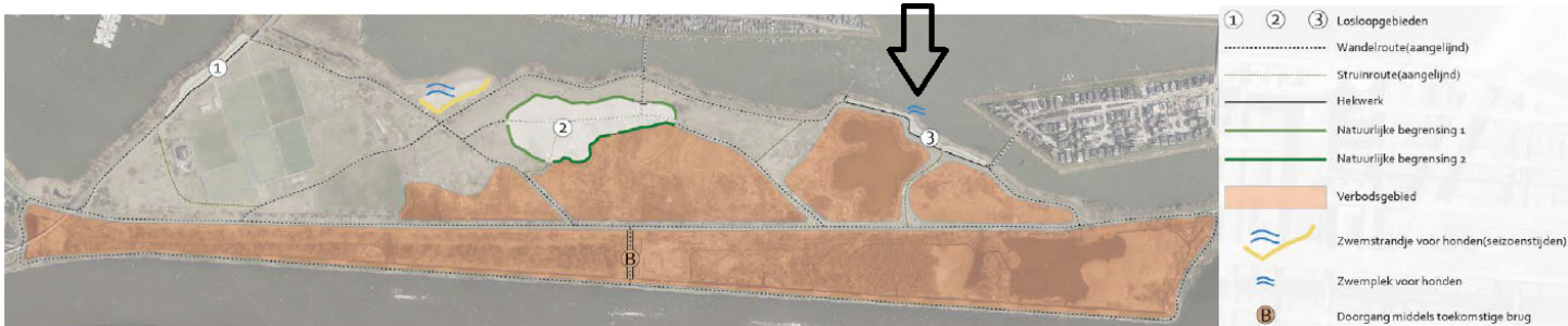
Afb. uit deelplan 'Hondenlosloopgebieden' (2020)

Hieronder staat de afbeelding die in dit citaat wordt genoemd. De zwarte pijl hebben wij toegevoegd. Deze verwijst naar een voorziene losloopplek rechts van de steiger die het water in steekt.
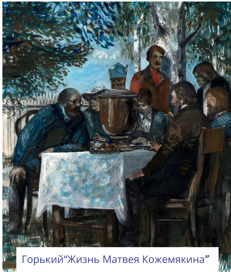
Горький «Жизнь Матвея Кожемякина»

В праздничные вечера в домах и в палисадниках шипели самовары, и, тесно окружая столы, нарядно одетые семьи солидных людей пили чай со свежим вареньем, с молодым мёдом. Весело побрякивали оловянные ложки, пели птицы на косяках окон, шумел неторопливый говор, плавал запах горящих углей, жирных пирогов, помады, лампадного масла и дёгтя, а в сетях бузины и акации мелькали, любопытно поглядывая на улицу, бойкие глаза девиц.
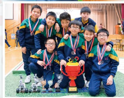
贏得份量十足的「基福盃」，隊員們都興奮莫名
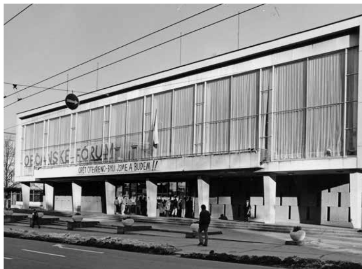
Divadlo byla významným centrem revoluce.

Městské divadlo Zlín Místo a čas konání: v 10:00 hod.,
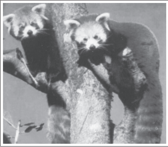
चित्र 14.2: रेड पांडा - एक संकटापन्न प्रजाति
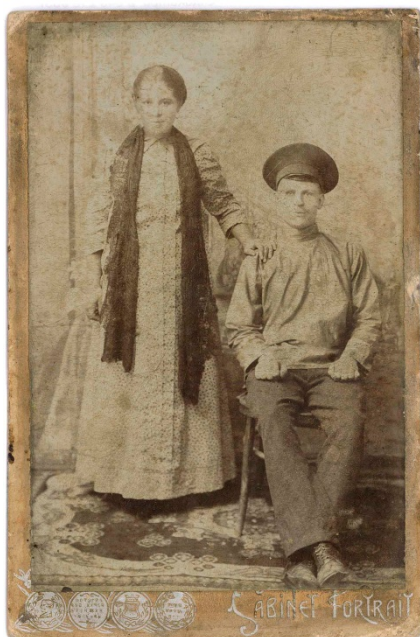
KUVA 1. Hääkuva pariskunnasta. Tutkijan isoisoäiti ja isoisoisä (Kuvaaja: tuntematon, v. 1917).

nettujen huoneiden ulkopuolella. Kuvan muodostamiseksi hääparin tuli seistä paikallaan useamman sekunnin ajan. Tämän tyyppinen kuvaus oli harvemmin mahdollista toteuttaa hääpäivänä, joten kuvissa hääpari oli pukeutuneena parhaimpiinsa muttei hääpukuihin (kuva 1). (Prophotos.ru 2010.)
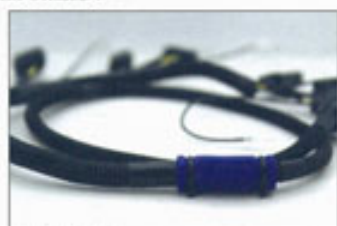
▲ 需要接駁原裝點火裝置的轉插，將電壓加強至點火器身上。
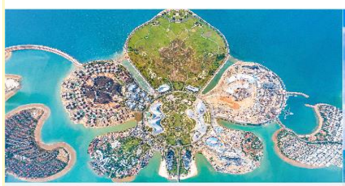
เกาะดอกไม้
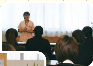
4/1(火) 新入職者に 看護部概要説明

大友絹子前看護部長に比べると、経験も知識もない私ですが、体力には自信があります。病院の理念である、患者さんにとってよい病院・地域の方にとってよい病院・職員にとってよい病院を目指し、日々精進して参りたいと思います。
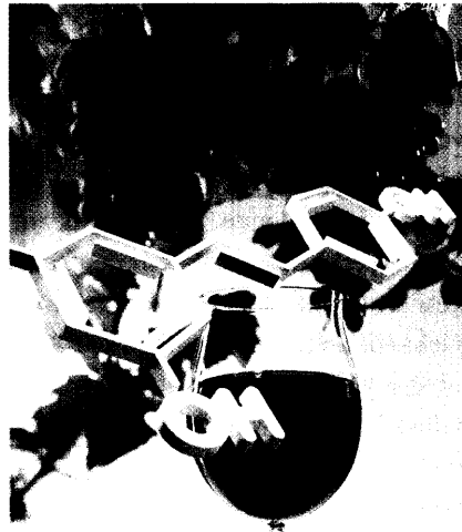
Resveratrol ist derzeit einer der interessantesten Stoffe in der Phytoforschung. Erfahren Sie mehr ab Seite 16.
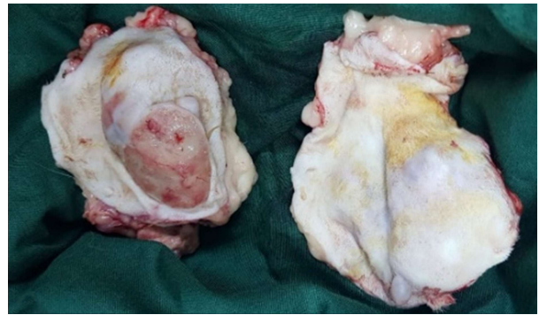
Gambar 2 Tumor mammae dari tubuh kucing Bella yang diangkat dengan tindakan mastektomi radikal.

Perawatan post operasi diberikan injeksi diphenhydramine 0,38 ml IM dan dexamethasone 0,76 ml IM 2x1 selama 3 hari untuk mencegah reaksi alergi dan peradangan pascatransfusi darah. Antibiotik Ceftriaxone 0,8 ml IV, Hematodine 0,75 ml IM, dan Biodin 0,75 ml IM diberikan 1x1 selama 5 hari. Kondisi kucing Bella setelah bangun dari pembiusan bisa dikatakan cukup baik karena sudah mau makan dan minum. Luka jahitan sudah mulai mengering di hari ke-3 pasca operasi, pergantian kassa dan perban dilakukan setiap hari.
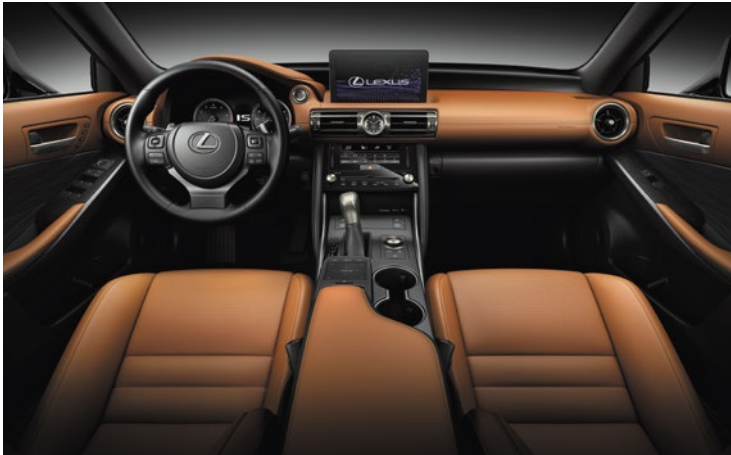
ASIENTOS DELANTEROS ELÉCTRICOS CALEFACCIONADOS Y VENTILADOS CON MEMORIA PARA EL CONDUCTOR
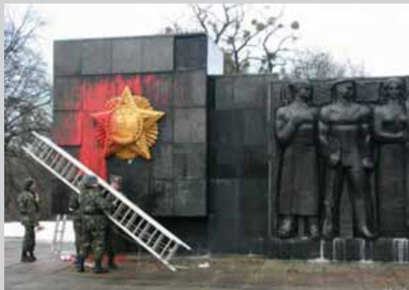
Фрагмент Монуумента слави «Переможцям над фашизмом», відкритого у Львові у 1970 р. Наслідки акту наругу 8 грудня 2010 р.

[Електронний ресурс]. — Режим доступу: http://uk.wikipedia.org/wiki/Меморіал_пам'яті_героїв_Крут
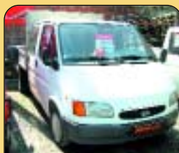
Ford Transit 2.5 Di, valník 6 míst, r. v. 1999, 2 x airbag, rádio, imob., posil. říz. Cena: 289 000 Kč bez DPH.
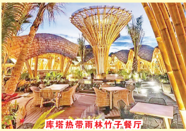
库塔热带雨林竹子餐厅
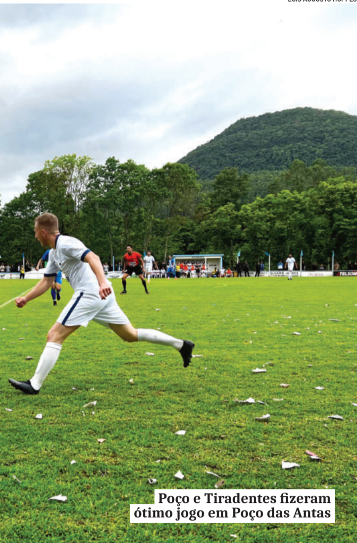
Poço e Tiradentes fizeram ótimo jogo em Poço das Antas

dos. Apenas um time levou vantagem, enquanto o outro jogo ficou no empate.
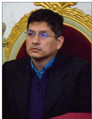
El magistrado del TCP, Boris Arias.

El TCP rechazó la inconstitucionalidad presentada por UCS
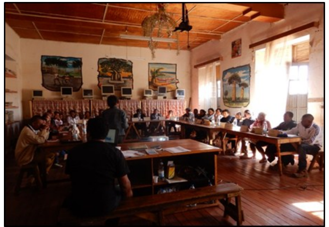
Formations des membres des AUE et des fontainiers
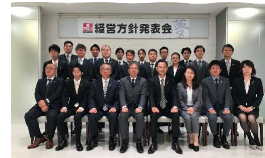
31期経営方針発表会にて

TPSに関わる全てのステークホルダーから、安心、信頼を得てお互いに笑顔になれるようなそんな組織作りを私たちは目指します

....................

**Problem to work on:** Check each line of the data above for the word "kucing" and copy the ones where it is found.

**Answer to the exercise:**
Gambar 2 Tumor mammae dari tubuh kucing Bella yang diangkat dengan tindakan mastektomi radikal.
Perawatan post operasi diberikan injeksi diphenhydramine 0,38 ml IM dan dexamethasone 0,76 ml IM 2x1 selama 3 hari untuk mencegah reaksi alergi dan peradangan pascatransfusi darah. Antibiotik Ceftriaxone 0,8 ml IV, Hematodine 0,75 ml IM, dan Biodin 0,75 ml IM diberikan 1x1 selama 5 hari. Kondisi kucing Bella setelah bangun dari pembiusan bisa dikatakan cukup baik karena sudah mau makan dan minum. Luka jahitan sudah mulai mengering di hari ke-3 pasca operasi, pergantian kassa dan perban dilakukan setiap hari.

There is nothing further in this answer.